How much more important it is to really listen in our lockdown virtual world? How often on a video call have you been taking in the other person’s surroundings, or staring at your own image wondering how long you can cope without taking the scissors to your hair. Much of the emotional content of a message usually comes through via visual cues, which are much more limited when all you’ve got to go on is a fuzzy image on the screen.

More importantly, think of all the things we are not learning by not listening properly. Do you really know what is going on in your colleague's, customer's, world as you talk to them, or are you making lots of assumptions based on your own experience? Do you really know what is most critical for them? How many times has your leader really tried to listen to you and find out, what is really concerning you at the moment or have they just tried to tell you what you can do to cope?

Key building blocks

As a Psychologist I would say that our mindset, not the technology is what will enable you up to listen and the key building blocks are;

Paying Attention

  • A primary goal of active listening is to set a comfortable tone and allow time and opportunity for the other person to think and speak
  • Pay attention to your frame of mind, your body language and pay attention to the other person
  • Be present, focused on the moment and operate from a place of respect

Holding Judgement

  • Active listening requires an open mind. As a listener you need to be open to new ideas, new perspectives and new possibilities
  • Even when good listeners have strong views they suspend judgement, hold their criticism and avoid arguing or selling their point right away
  • Tell yourself “I’m here to understand how the other person sees the world.
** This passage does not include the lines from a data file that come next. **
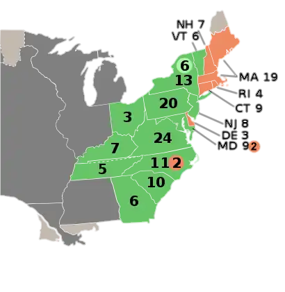Cada "eleitor" é nomeado pelo legislativo estadual. Connecticut, Delaware, Geórgia, Massachusetts, Nova Iorque, Carolina do Sul, Vermont.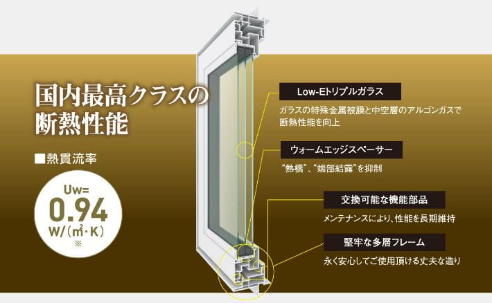 ※サッシの熱貫流率(Uw値)は、JIS A2102-1,-2及びJIS R3107に基づく計算値であり、製品の性能を保証するものではありません。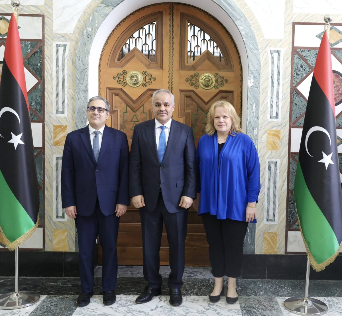 استقبل محافظ مصرف ليبيا المركزي ناجي عيسى، صباح الاثنين 27 أبريل 2026، في مكتبه بطرابلس، القائم بأعمال سفارة الولايات المتحدة لدى ليبيا جيرمي برنت، ونائبة رئيس البعثة الدبلوماسية بالسفارة إنغا هيمينكو.

It is not time to judge or give my view”. Be with and be for the other person (3)
  • Keep others talking, when the other person runs out of steam, invite them to continue (2)

    On a Post-it note keep these principles in front of you and remember what gets in the way of active listening: On-off listening – allowing head noise to take over
     
    • Having open eyes but a closed mind
    • Being subject-centred and not person-centred
    • Allowing matter over mind
    • Unhelpful interruptions – including being uncomfortable with silence
    • Making snap judgements or assumptions

Being listened to is a key human need and to be able to listen is one the they key leadership qualities that transcends any context.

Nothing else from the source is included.